◆ **TASK INSTRUCTIONS**
Restate word for word the section of the entries that opens at the line containing "Grabador de escritorio" and closes at the line containing "Eine Unterschrift auf", both lines kept, pictures dropped.

——————————

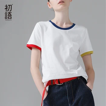 Toyouth Hit Color Edge Tees For Women Basic Cotton T-Shirt Casual O-Neck Tee Shirt Femme S~XXL Summer Tops Short Sleeve T-Shirts
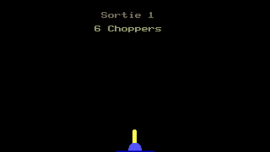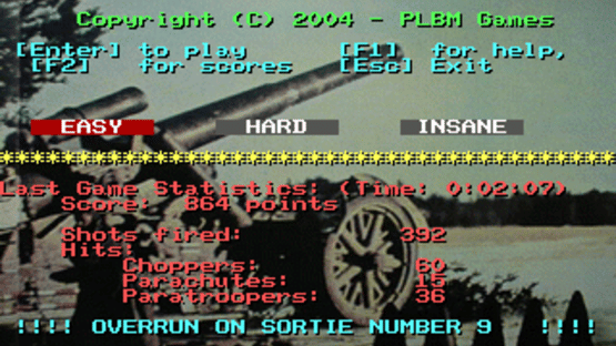 The object of the game is to destroy as many helicopters and paratroopers as possible. If a paratrooper lands on the ground he may still be hit by flying debris, another paratrooper free- falling on top of him or by your gravity-bound shells. There are three levels of play: Easy, Hard, and Insane. You may select the level of play before the game starts. The game also keeps track of your statistics, how many shots fired, how many hits, how many choppers and troops hit, etc. Keep in mind that you have until the START of the next sortie to try and kill the troops on the ground, using the gravity-bound shells or dropping burning wreckage on them. When the next sortie starts, if there are more than four (4) troops landed on either side of your base the game will end and your gun emplacement will be BLOWN UP!
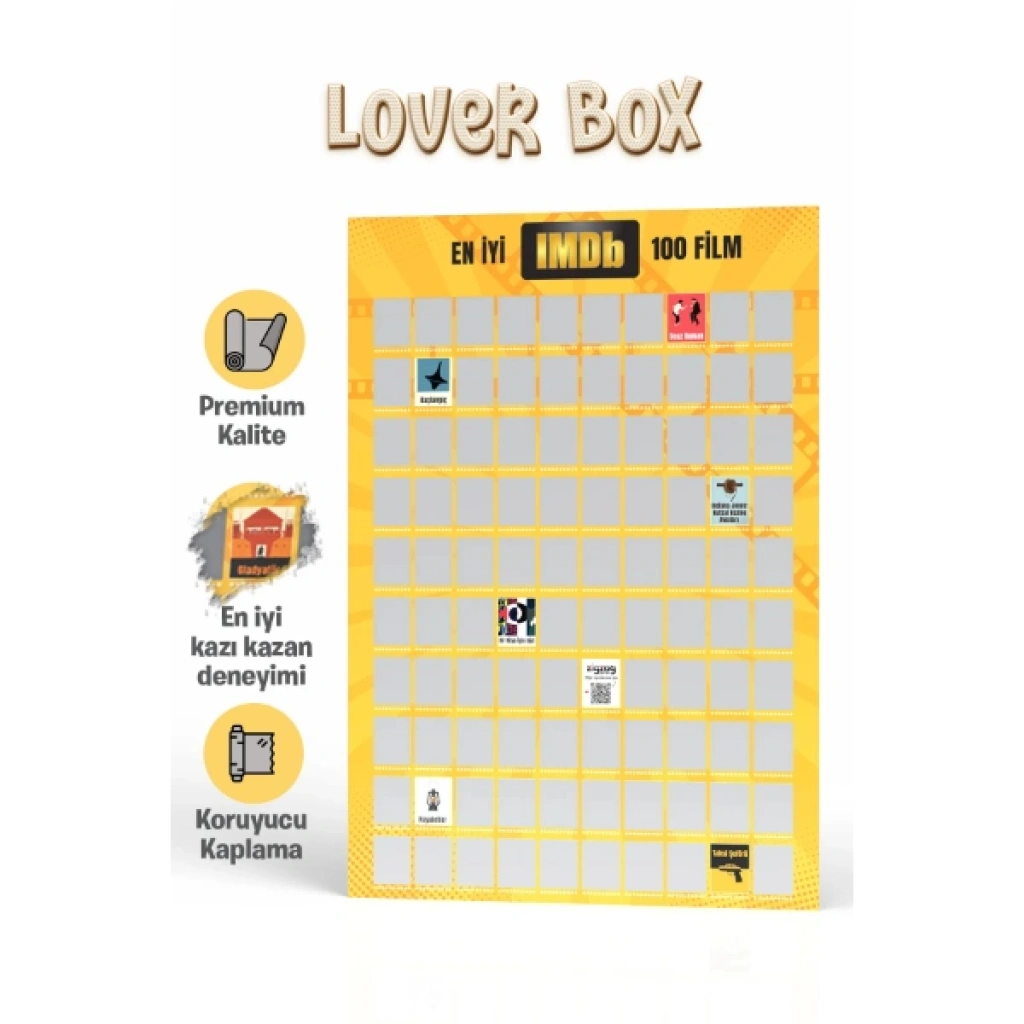 En İyi IMDb 100 Film Kazı Kazan Posteri, sinema tutkunları için özel olarak tasarlanmış, interaktif bir kültürel rehberdir. Sinema tarihine damga vurmuş, eleştirmenlerden tam not almış ve IMDb listelerinin zirvesinde yer alan en iyi 100 filmi tek bir tabloda bir araya getiriyor. Premium kalitede kuşe kağıt üzerine uygulanan özel koruyucu kaplama, uzun ömürlü bir kullanım sunarken; gümüş kazınabilir katman her filmden sonra pürüzsüz bir kazıma deneyimi vaat eder. İzlediğiniz her başyapıtın ardından ilgili kareyi kazıyarak, o filme özel tasarlanmış renkli ve ikonik görseli ortaya çıkarabilirsiniz. "En İyiler Senin Duvarında" sloganıyla sunulan bu interaktif poster, sadece bir izleme listesi değil, aynı zamanda eviniz veya ofisiniz için modern bir dekoratif tablo niteliğindedir. Sinema bilginizi sınayacağınız, yeni başyapıtlar keşfedeceğiniz ve film izleme deneyiminizi bir koleksiyon oyununa dönüştüreceğiniz bu ürün, film severler için eşsiz bir motivasyon kaynağıdır. Şık silindir kutusuyla gönderilen bu poster, sevdikleriniz için prestijli ve unutulmaz bir hediyelik eşya seçeneği olarak öne çıkar. Ürün Teknik Özellikleri ÖzellikAçıklama Ürün AdıEn İyi IMDb 100 Film - Kazı Kazan Posteri İçerikIMDb Listesinin En İyi 100 Başyapıtı MateryalPremium Kalite Mat Kuşe Kağıt KaplamaKoruyucu Özel Kaplama ve Gümüş Kazınabilir Yüzey TasarımLover Box Serisi, İkonik Film Görselleri Fonksiyonİnteraktif İzleme Listesi ve Dekoratif Tablo Hediye KonseptiSinema Severler, Yeni Ev Hediyesi, Kültür Sanat Tutkunları Paket İçeriği1 Adet En İyi IMDb 100 Film Kazı Kazan Posteri (Özel Koruyucu Silindir Kutuda)
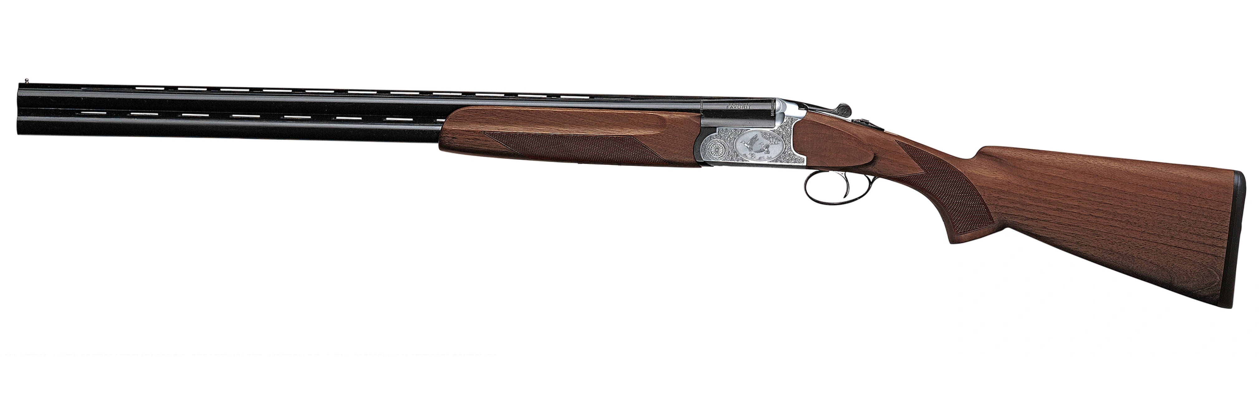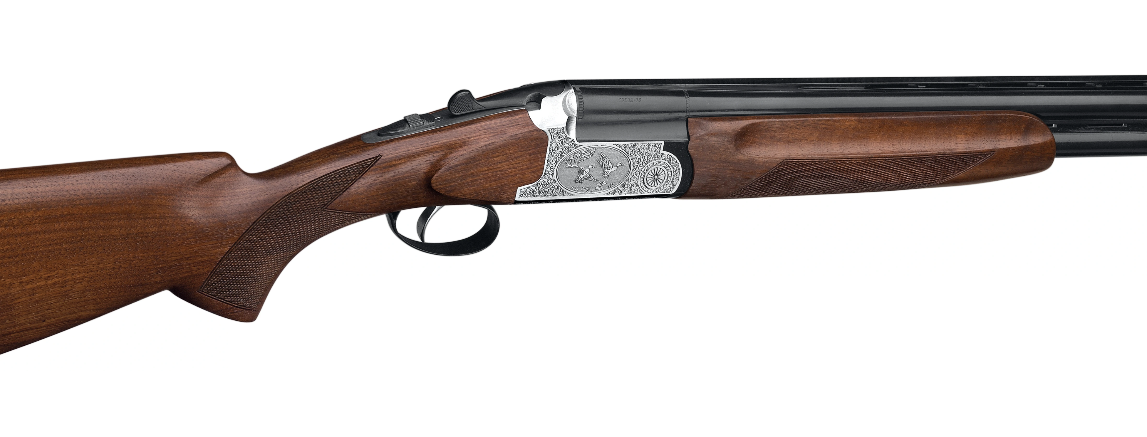 Des Weiteren kann bei Bockflinten durch den gradlinigeren Rückstoß der zweite Schuß etwas schneller abgegeben werden. Optisch handelt es sich bei dieser Serie um besonders schöne Flinten mit ventiliertem Laufbündel und einer gravierten Basküle mit Jagdmotiv. Die Lauflänge beträgt 71 cm, was der Handhabung dieser Waffe im vielseitigen Jagdbetrieb entgegen kommt. Der Einabzug mit mechanischer Umschaltung ist sehr praktisch und macht eine zügige Schussfolge möglich. Das Blitzsystem mit einer Abzugssicherung auf dem Kolbenhals ist schnell erreichbar. Der Schaft ist aus schönem Nussbaumholz gefertigt.
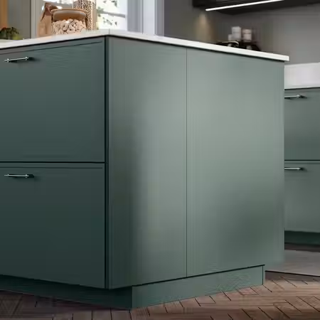 Выберите накладную панель, подходящую по дизайну к дверцам кухонных шкафов, или используйте контрастный вариант отделки панели.
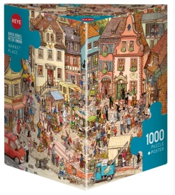 Puzzel ‘De grote markt’ – 1000 stukjes – Verpakt in driehoeksdoos – Heye 29884
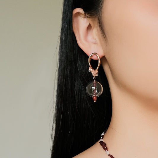 宇宙冰晶 胭紅薄霧 氣泡冰晶垂墜耳環-厚鍍玫瑰金
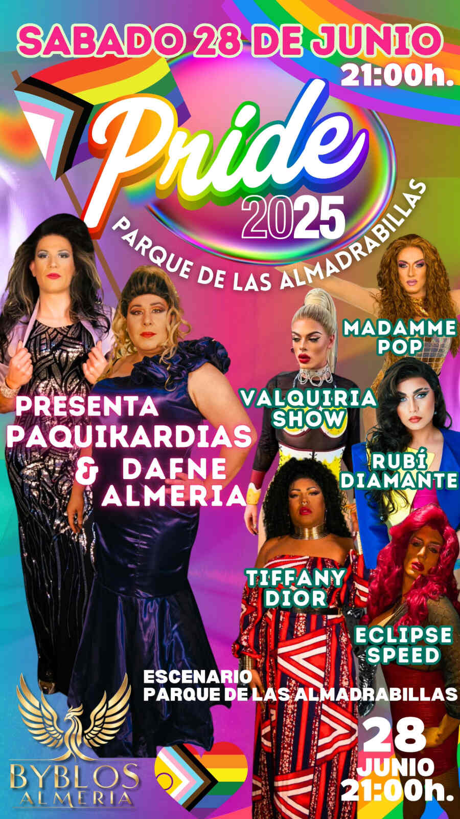 Este será el elenco de artistas, que estarán en el escenario del orgullo de Almería, show, arte y emoción.
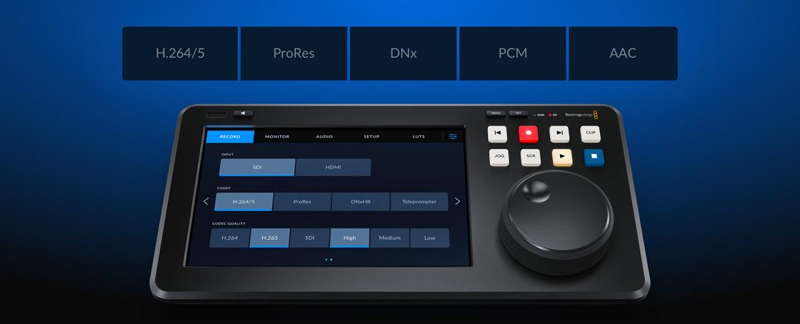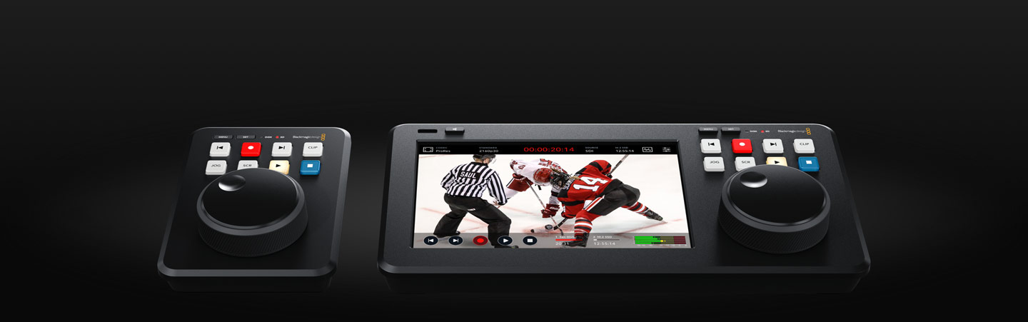 Grabador de escritorio con mando de búsqueda de gran tamaño que permite buscar y reproducir clips con facilidad. Ideal como reproductor multimedia para el modelo ATEM Mini. Compatible con archivos H.264, ProRes o DNxHD en tarjetas SD/UHS-II o discos USB.
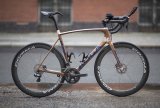 Eine Unterschrift auf dem Rahmen eines Rennrades.
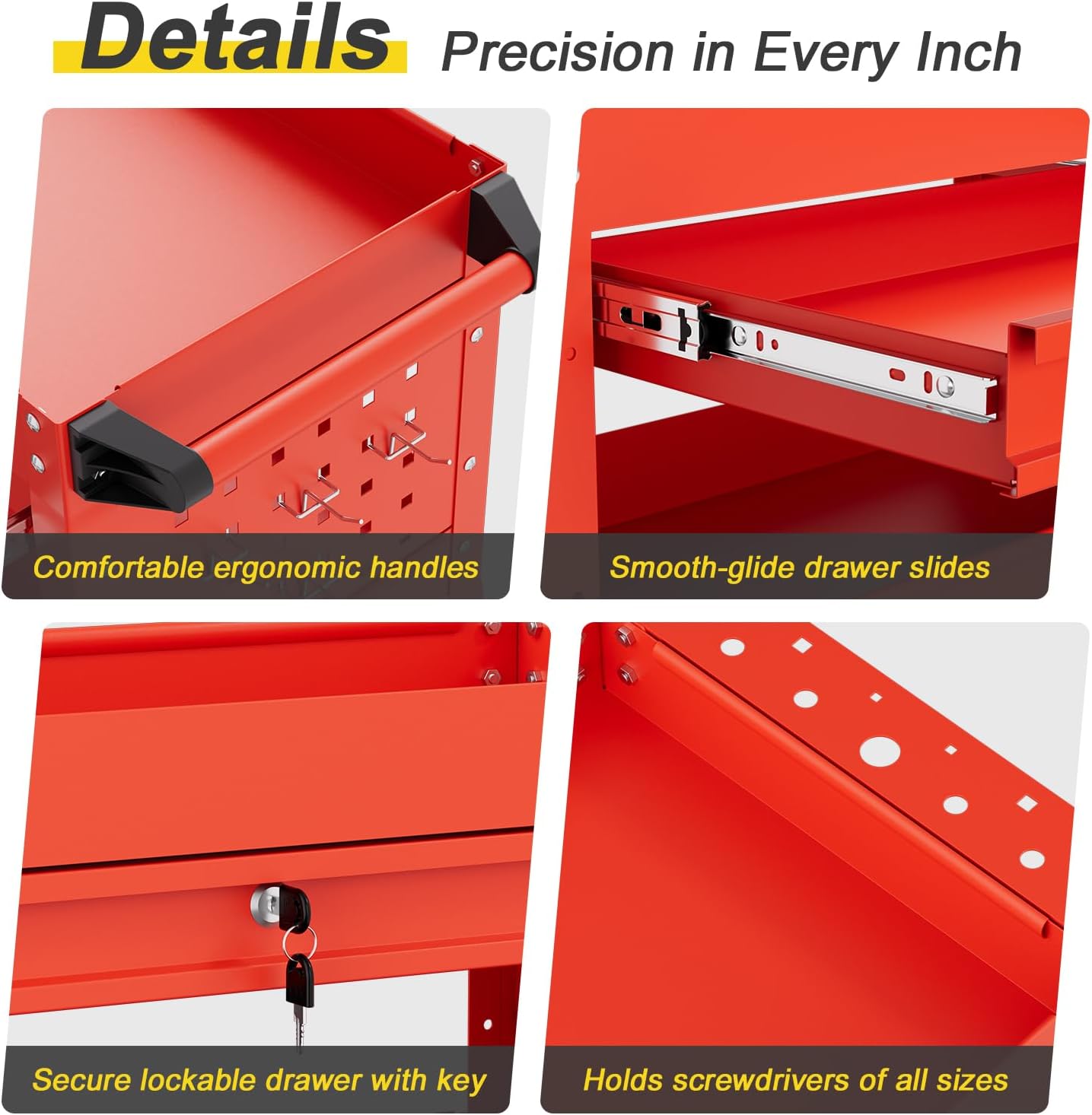 - Easy Mobility & Safety – Rolling utility cart with 4 casters (2 lockable). Smooth, quiet, and stable. Perfect rolling cart with drawers for garage, warehouse, or repair shop.
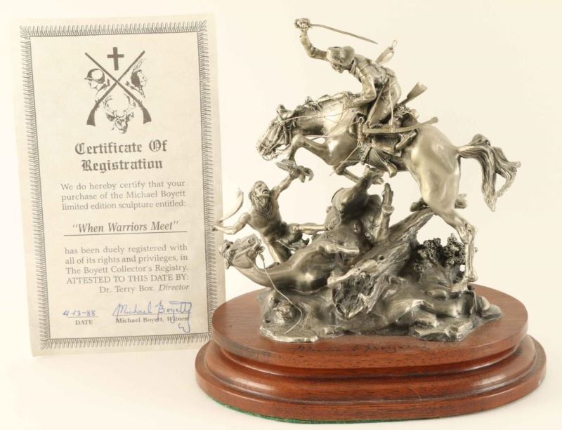#73 of 1500, by Michael Boyett, entitled "When Warriors Meet", hand signed in marker on wood base, measures 6 1/2"X6"x4", includes certificate of registration
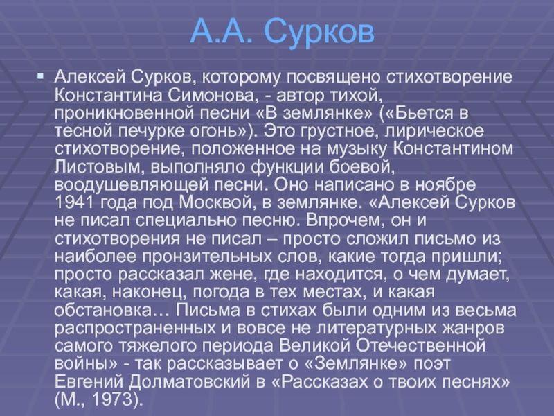 проникновенной песни «В землянке» («Бьется в тесной печурке огонь»). Это грустное, лирическое стихотворение, положенное на музыку Константином Листовым, выполняло функции боевой, воодушевляющей песни. Оно написано в ноябре 1941 года под Москвой, в землянке. «Алексей Сурков не писал специально песню. Впрочем, он и стихотворения не писал – просто сложил письмо из наиболее пронзительных слов, какие тогда пришли; просто рассказал жене, где находится, о чем думает, какая, наконец, погода в тех местах, и какая обстановка… Письма в стихах были одним из весьма распространенных и вовсе не литературных жанров самого тяжелого периода Великой Отечественной войны» - так рассказывает о «Землянке» поэт Евгений Долматовский в «Рассказах о твоих песнях» (М., 1973).

——————————

◆ **ANSWER**
 Grabador de escritorio con mando de búsqueda de gran tamaño que permite buscar y reproducir clips con facilidad. Ideal como reproductor multimedia para el modelo ATEM Mini. Compatible con archivos H.264, ProRes o DNxHD en tarjetas SD/UHS-II o discos USB.
 Eine Unterschrift auf dem Rahmen eines Rennrades.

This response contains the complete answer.